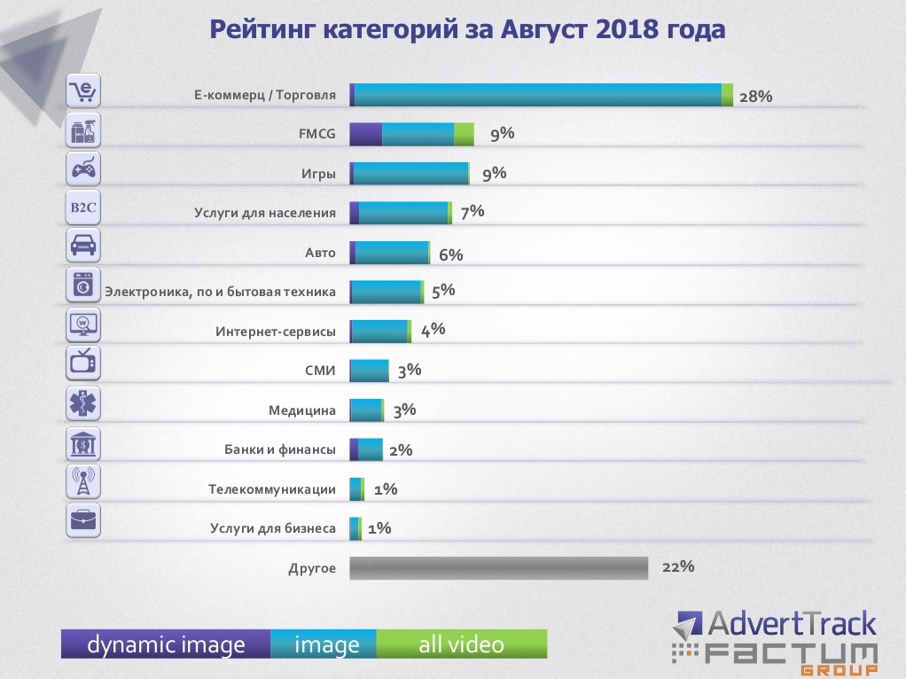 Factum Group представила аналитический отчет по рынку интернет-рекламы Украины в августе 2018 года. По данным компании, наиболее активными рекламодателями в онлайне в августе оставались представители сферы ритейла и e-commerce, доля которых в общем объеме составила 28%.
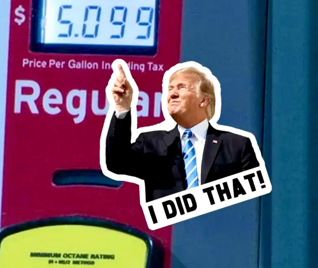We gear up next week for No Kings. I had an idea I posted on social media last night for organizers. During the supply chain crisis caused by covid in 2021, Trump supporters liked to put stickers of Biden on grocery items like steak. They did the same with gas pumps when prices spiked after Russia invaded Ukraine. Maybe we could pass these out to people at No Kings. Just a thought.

...

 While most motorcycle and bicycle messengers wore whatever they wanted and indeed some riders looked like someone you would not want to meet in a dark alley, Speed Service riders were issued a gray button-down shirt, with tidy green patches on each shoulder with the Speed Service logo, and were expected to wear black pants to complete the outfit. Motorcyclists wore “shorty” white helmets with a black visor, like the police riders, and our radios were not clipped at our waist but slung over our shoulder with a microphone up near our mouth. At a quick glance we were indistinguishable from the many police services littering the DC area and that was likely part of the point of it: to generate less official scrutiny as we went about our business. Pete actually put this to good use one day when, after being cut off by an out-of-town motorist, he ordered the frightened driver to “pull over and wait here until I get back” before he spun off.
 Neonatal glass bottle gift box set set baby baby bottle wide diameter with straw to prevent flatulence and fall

EXERCISE: Repeat exactly the lines of the listing above, from the one with "While most motorcycle" down to the one with "Neonatal glass bottle"; both of those lines belong in the range.

WRITTEN RESPONSE:
 While most motorcycle and bicycle messengers wore whatever they wanted and indeed some riders looked like someone you would not want to meet in a dark alley, Speed Service riders were issued a gray button-down shirt, with tidy green patches on each shoulder with the Speed Service logo, and were expected to wear black pants to complete the outfit. Motorcyclists wore “shorty” white helmets with a black visor, like the police riders, and our radios were not clipped at our waist but slung over our shoulder with a microphone up near our mouth. At a quick glance we were indistinguishable from the many police services littering the DC area and that was likely part of the point of it: to generate less official scrutiny as we went about our business. Pete actually put this to good use one day when, after being cut off by an out-of-town motorist, he ordered the frightened driver to “pull over and wait here until I get back” before he spun off.
 Neonatal glass bottle gift box set set baby baby bottle wide diameter with straw to prevent flatulence and fall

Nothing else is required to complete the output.